Danish schools will stop sending student data to Google


School students in Denmark regularly use Chromebooks and Google Workspace in class. But from now on, their data will not be sent to the tech giant.

The Danish data protection authority (Datatilsynet) has now issued an injunction regarding the data and the fact that it’s being sent to Google through the use of the company’s products.

The agency began analyzing the problem around four years ago when it was contacted by Jesper Graugaard, a concerned parent and activist. He was worried that student data was being sent to Google despite the potential for its misuse or the impact that it could have in the future when these kids grow up.

His protestations were justified, it seems.

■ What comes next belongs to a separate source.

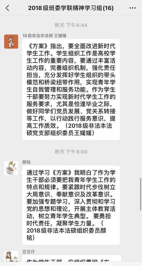 通过深入学习《加强和改进新时代学联学生会工作实施方案》,对习近平总书记关于青年工作的重要思想和关于教育的重要论述有了进一步的了解和认识,我明白了党支部活动的开展不能脱离青年学生活动的特点和规律,要着力服务于广大同学的普遍性需求,要不断提升同学满意度、大局贡献度和社会认可度。因此,在日后的党支部活动中,法本法硕班将紧紧围绕这三个要求,在丰富活动载体的同时寓教于乐,使得党员同志深入学习贯彻习近平新时代中国特色社会主义思想,学习党史、新中国史、改革开放史、社会主义发展史,将爱国爱党和爱社会主义高度统一。

The agency has now decided that the current methods of transferring personal data to Google do not have a legal basis, and 53 municipalities across Denmark must adjust their data processing practices.

Using tools like Google Workspace will also have to stop for now, as schools will have to analyze and document how personal data is processed. The country’s educational institutions must ensure that Google refrains from processing any data it receives for non-compliant purposes.

Municipalities have until March 1st to declare precisely how they intend to comply with Datatilsynet's order and until August 1st to fully align their data processing practices with the new requirements.

"Today's IT services often function in such a way that the transfer of personal data is built into the product, and that the use of the information is often a prerequisite for getting the full benefit of the products' functionality,” said the agency’s IT security and law specialist, Allan Frank.

“However, this does not always happen with sufficient focus on the protection of the citizens whose information is used.”

“Neither the functionality of the solutions you want to use, nor the supplier's market position, the standardized structure or the mere use of a standard product can justify not complying with the rules on data protection which we must have in Europe.”

However, Frank called these rules political and said it was today extremely difficult for data-responsible companies and authorities to live up to the GDPR (General Data Protection Regulation), the European Union’s regulation on information privacy.

“It is easy to lose track of what is happening with data. We at the Danish Data Protection Authority therefore call for contracts to be made more transparent – not just in relation to the processing structure, but also in relation to the consequences when conditions surrounding the delivery change.”